The stark contribution of Maitland’s film is to try to meet this discourse on its own turf. The rotoscoped retellings, which hop from narrator to narrator, begin in the gray tones of the news footage. Detailed accounts unspool from survivors in their younger, animated forms, sometimes superimposed onto the news footage, which props them up into their own histories like matte paintings in Hollywood movies. Their narratives are constantly interrupted by percussive gunshots that don’t stop until Whitman is dead. And when those bullets strike bodies, the images explode into color, which eventually takes over. These breaks in form culminate in a turn I didn’t initially see coming: Toward the end the animation ceases and the rotoscoped, younger narrators are replaced, in the present, by the actual survivors. It’s like watching time collapse.

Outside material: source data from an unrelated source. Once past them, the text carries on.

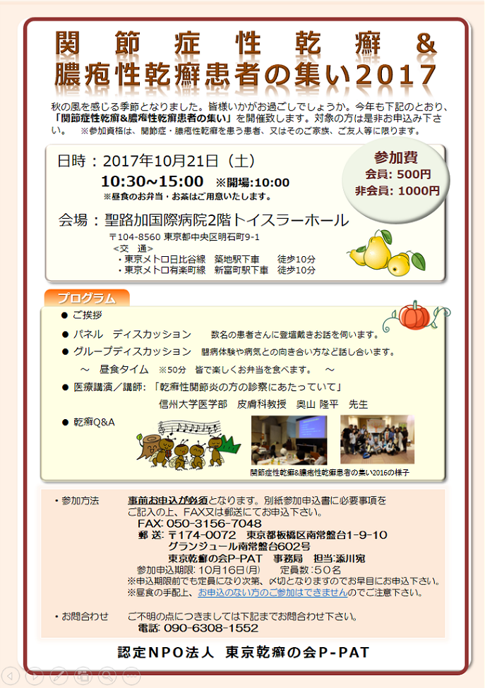 10/21(土)関節症性乾癬&膿疱性乾癬患者さん集まれ~!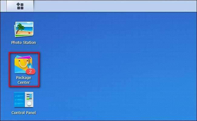 Para iniciar o processo de atualização, basta navegar até a interface baseada na web para seu Synology NAS. Na área de trabalho padrão, você verá o atalho do Centro de Pacotes (se houver pacotes que precisam de atualização, você verá, como na captura de tela abaixo, um indicador vermelho exibindo o número deles). Se você tem fiz uma pequena reorganização da área de trabalho , você sempre pode encontrar o atalho para o Centro de Pacotes clicando no botão semelhante ao Menu Iniciar no canto superior para acessar sua lista completa de aplicativos.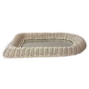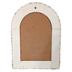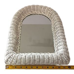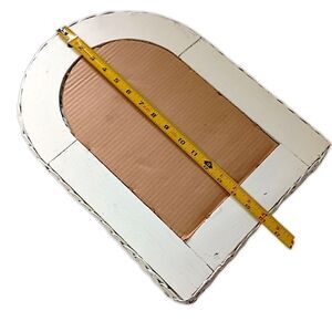 Vintage Wicker Arched Mirror Accent Wall White Boho Cottage Shabby Victorian. Condition is pre-owned with no chips or cracks. Measures about 16" x 12". Unbranded. Boho Chic, Bohemian, cottage, beach house, shabby, patio, Victorian, MCM. Please see all photos for detailed condition.

It’s in part a tribute to its subjects’ survival, but it’s also a nod to the power of testimony, and the violence of so many years of silence. As they speak, the movie’s survivors become more than journalism or imagery: They become real. So does their pain. Tower’s immediate focus is on the victims — very little time is spent unpacking the inner life or motivations of Whitman — but this isn’t exactly a film about victimhood. It’s a film about history. A foundational event like this can knock your sense of the world — your physical sense of the world, as a huge public space with you somewhere in it — off its anchor. Tower valiantly tries to restore that anchor, even as it knows the next shooting, whenever it is, will defy it.